Dessa feita, a aceitação do Direito Penal para tutelar o meio ambiente não se faz sem a flexibilização dos princípios e institutos tradicionais, já que os desafios e necessidades são diferentes. No caso da poluição, não é difícil concluir que o processo de degradação ambiental não ocorre com a ação isolada de um poluidor, mas advém de um processo cumulativo. Daí porque para incidir o Direito Penal neste campo não será possível levar em consideração a ação individual, pois não se saberá em que medida cada poluidor contribuiu para um dano ambiental. Alarga-se o Direito Penal para se admitir, sem muito apego ao princípio penal fundamental da vedação da responsabilidade objetiva, a proibição de comportamentos sociais que acarretem lesões “mais do que possíveis, indubitavelmente previsíveis e muito prováveis, para não se dizer certas”.254

Logo, não se pode deixar de registrar que o abandono dos moldes clássicos do princípio da culpabilidade se torna uma exigência para que se alcance, também, a responsabilização da pessoa jurídica, às vezes o único poluidor que se possa identificar.

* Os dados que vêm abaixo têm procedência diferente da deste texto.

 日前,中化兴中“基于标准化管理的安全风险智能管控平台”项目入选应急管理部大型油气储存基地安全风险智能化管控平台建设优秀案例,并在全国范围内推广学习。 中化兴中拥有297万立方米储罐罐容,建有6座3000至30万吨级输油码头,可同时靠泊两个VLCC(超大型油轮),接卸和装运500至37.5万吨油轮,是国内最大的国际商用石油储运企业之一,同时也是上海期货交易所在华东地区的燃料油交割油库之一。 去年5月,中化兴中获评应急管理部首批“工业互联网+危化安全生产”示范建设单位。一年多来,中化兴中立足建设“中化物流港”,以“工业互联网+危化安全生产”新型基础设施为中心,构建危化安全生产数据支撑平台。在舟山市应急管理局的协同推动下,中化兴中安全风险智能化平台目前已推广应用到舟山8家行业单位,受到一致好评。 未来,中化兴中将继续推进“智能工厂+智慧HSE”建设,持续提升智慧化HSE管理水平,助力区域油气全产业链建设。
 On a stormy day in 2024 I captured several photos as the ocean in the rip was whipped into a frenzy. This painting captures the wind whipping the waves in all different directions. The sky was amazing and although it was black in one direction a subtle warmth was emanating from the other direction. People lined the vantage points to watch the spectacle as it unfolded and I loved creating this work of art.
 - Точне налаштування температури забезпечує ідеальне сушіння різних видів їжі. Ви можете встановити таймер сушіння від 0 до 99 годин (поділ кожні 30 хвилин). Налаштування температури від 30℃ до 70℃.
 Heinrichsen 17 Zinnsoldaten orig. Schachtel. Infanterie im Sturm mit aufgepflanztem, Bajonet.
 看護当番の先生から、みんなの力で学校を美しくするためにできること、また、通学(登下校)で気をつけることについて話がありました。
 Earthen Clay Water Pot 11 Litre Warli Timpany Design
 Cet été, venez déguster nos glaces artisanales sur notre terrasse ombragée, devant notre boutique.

Assim, mesmo que se aceite essas transposições para atualizar o Direito Penal a uma sociedade de risco, a questão suplementar que se coloca é analisar de que forma a criminalização da biopirataria poderá, a partir de uma política criminal inerente a um Estado de direito democrático, assegurar a tutela de um bem jurídico ambiental. Em outros termos, a tutela penal da biopirataria é necessária? Será que a inclusão da biopirataria no campo de incidência do Direito Penal alcançará os fins a que se propõe, proteger o patrimônio genético decorrente da biodiversidade e os conhecimentos tradicionais que recaem sobre a biodiversidade?